De BF16-baseline van het 35B-A3B-MoE, schoner referentiepunt zonder quantisatie-twijfel. Op chat haal je ongeveer de helft van wat de FP8-versie doet, op 25k context idem dito. De 3B active-parameters helpen, maar bandwidth-gebonden decode betaalt de volle BF16-prijs. 70 GB aan weights laat weinig over voor KV-cache, dus voor lange context wordt het krap. Goed startpunt voor accuracy-werk, voor productie pak je gewoon de FP8-variant.

## Specs

- Vendor: Alibaba
- Architecture: MoE
- Parameters: 35B (3B active)
- Precision: BF16
- Context: 256K
- VRAM: 70 GB
- Engine: vLLM cu130-nightly
- Hardware: DGX Spark, NVIDIA GB10, 128 GB unified memory
- Model card: https://huggingface.co/Qwen/Qwen3.6-35B-A3B

## Quality (model cards)

| Benchmark | Score |
| --- | --- |
| MMLU-Pro | 85.2 |
| GPQA | 86 |
| HumanEval / LCB | 80.4 |
| Avg | 83.9 |

## Benchmarks on the DGX Spark

| Test | tokens/s per user | tokens/s total | TTFT (ms) |
| --- | --- | --- | --- |
| 01 Chat | 8 | 83 | 1780 |
| 02 RAG · 8k context | 7 | 64 | 11950 |
| 03 Lange output / agents | 10 | 76 | 730 |
| 04 Grote context · 25k | 5 | 27 | 39370 |
| 05 Multi-turn · kantoorwerk | 8 | 80 | 3220 |
| 06 Realistische kantoor-baseline | 21 | 21 | 3100 |
| 07 Echte gesprekken · ShareGPT | 8 | 8 | 390 |
| 08 Maandagochtend-piek | 34 | 34 | 2153 |
| 09 Reasoning workload | 4 | 4 | 741 |

## What I made of it

**Worked: Schoon referentiepunt zonder quant-twijfel**

Geen vraag of edge-case-Python lijdt onder quantisatie. Voor accuracy-kritieke evals het schone vertrekpunt voordat je naar FP8 of NVFP4 stapt.

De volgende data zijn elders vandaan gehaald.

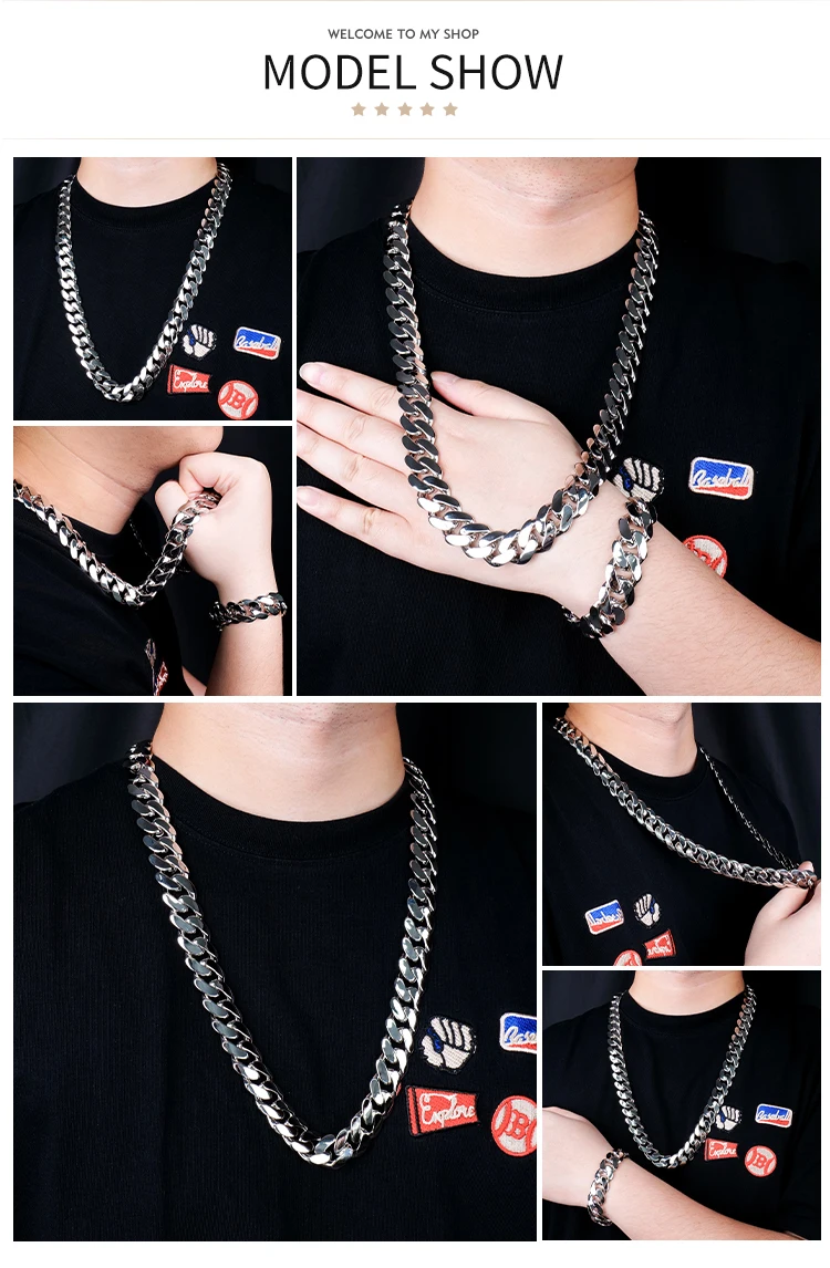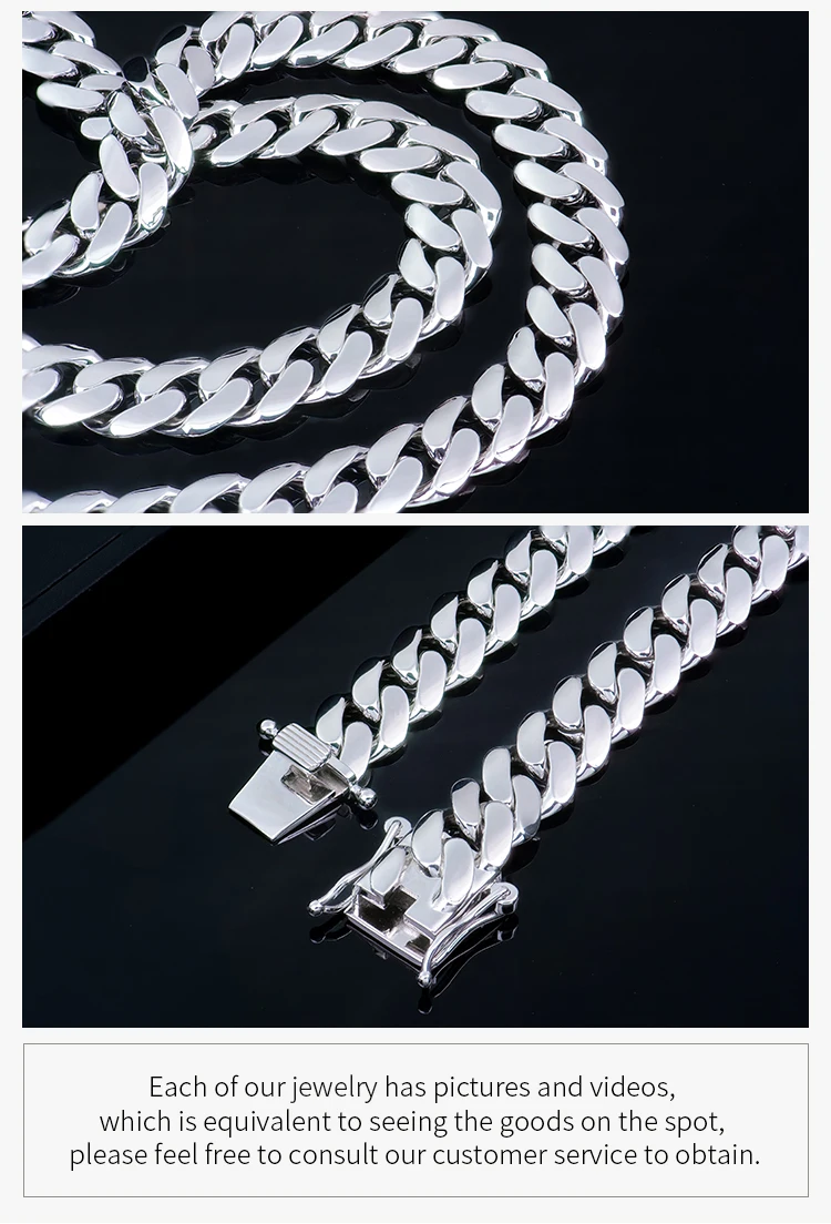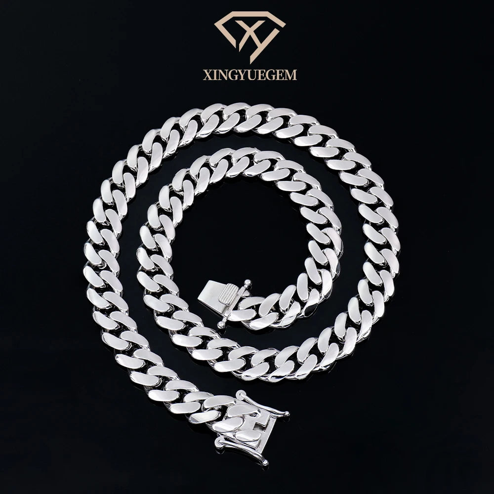 Heavy Metal Style 925 Sterling Silver Hiphop Jewelry Rhodium Plated 18mm Plain Cuban Link Chain Necklace for Rapper

**Broke: Bijna helft van FP8-snelheid**

Chat 8.4 vs 14.9 t/s/user, 25k context 4.85 vs 8.1. Bandwidth-bound decode betaalt de volle BF16-prijs, ook al zijn maar 3B params actief.

**Cost: 70 GB weights op 128 GB unified**

Laat circa 50 GB voor KV-cache. Voor 25k met c=10 zit je krap. FP8 (38 GB) of NVFP4 zou hier veel meer ademruimte geven.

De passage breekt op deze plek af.